I'm not sure why it got into my head to have a diesel powered Corvette. I remember looking online at nearby cars for sale. I saw a Corvette for what I thought was a pretty cheap price (around $2500). That just sort of got the wheels in my head turning. Although I never was all that interested in Corvettes (not really a "sports car") I figured it might be a fun toy for a while.

I've been a diesel fan for years. Owned 5 different diesel trucks and have always been impressed by the power and potential for more power from a turbo diesel motor.

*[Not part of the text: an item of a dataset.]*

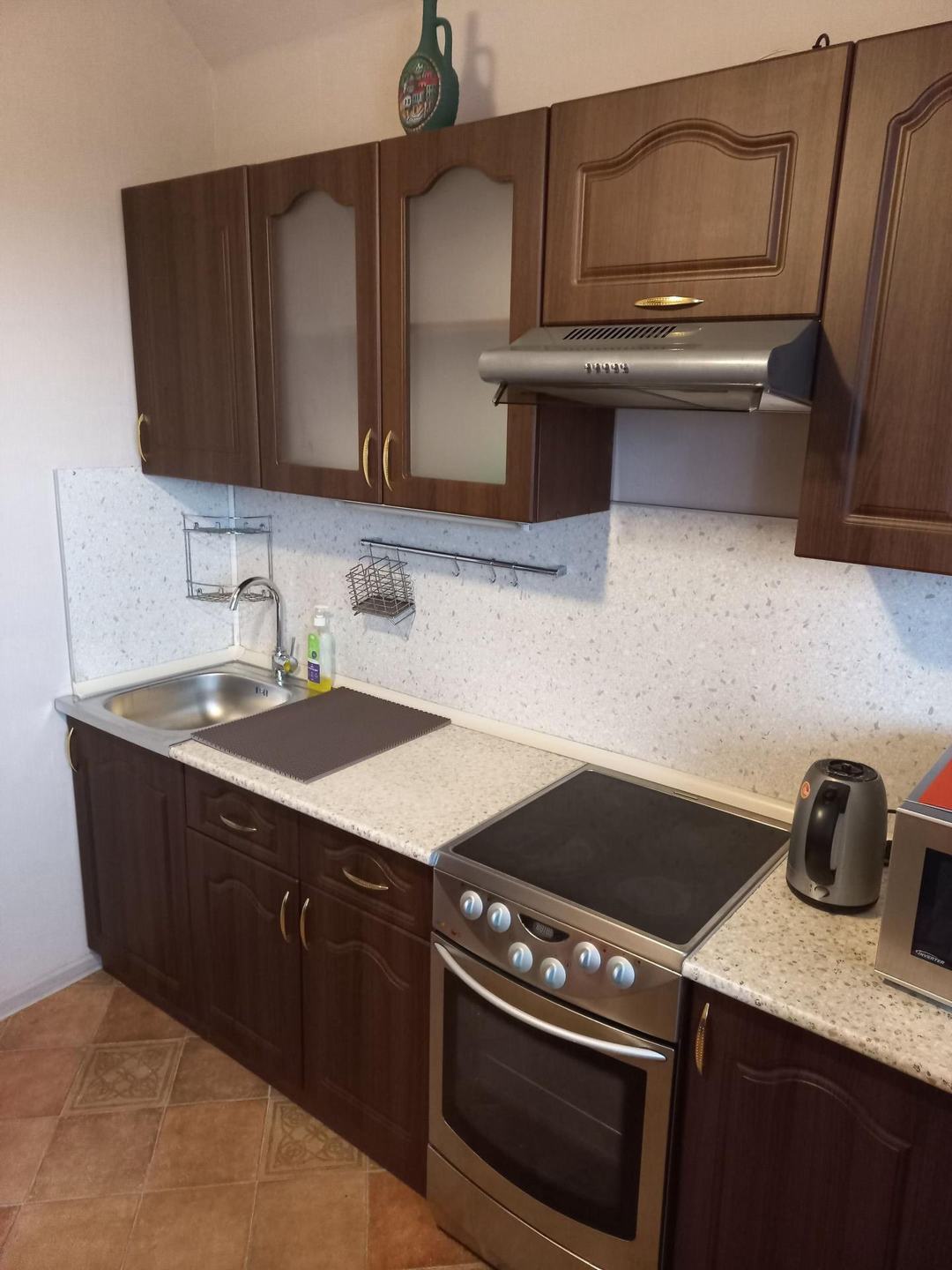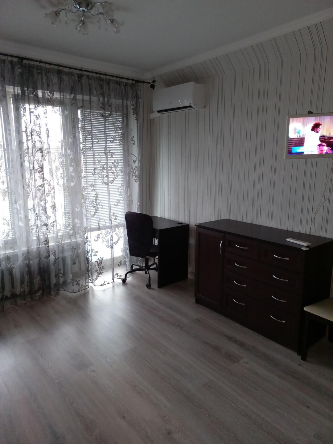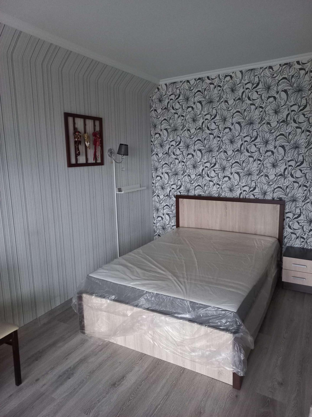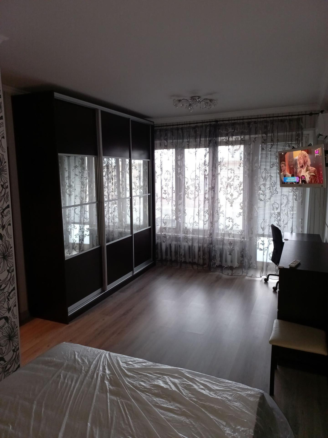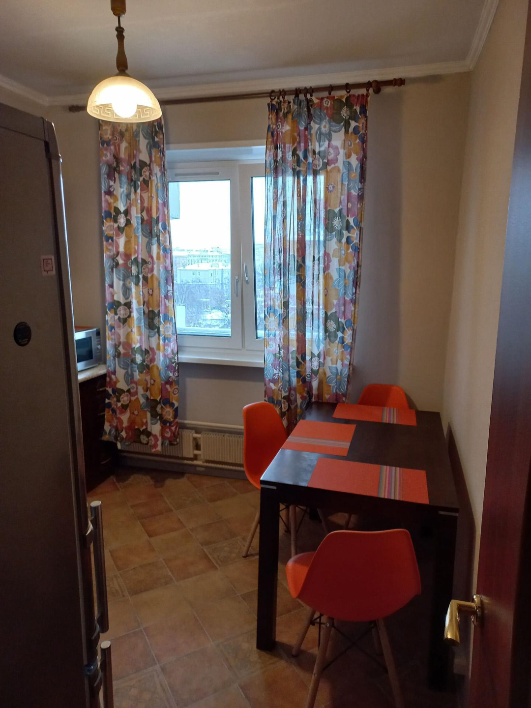 Квартира полностью мебелирована (прихожая, шкаф-купе, комод, кровать, прикроватная тумба, обеденный стол со стульями), необходимая бытовая техника (стиральная машина, электроплита с духовкой, СВЧ, электрочайник, кондиционер). Квартира готова к проживанию, проведена профессиональная генеральная уборка. Перед входом в квартиру - просторный тамбур с металлической дверью на 2 квартиры (можно хранить велосипед, детскую коляску). Соседи пожилая адекватная пара пенсионеров.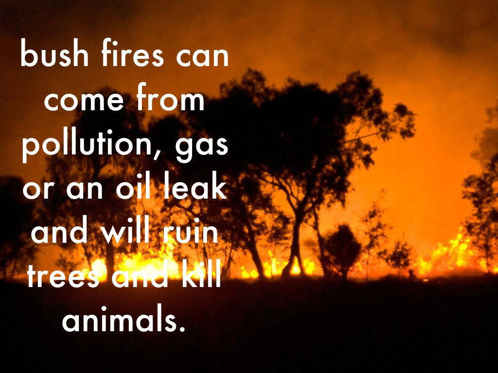 Bush fires can come from pollution, gas or an oil leak and will ruin trees and kill animals.

Back during the gas crisis in the late 70s GM engaged Detroit Diesel to design a fuel efficient diesel motor to power GMC and Chevy pickups. To save GM from doing a bunch of expensive retooling the 6.2L diesel was designed to bolt right in place of the existing gas motors. It used the same bellhousing bolt pattern and motor mount locations. This modular approach makes swapping out a gas V8 for a diesel relatively straightforward. The original 6.2L was rather gutless but it would return fuel economy in the mid 20s. Not bad for a full sized pickup. in 1992 GM increased the displacement to 6.5 liters and added a turbo. This was done to make more power to compete with Dodge and Ford. Even so, the 6.5L turbo diesel is no powerhouse.

So after much shopping around I found a 1980 Vette on Craigslist. I paid about $3200. The car was complete and unmodified but old and somewhat neglected. I figured I'd drive it for grins and make some initial measurements to see what difficulties I might run into trying to shove a 6.5L motor in place of the stock small block 350.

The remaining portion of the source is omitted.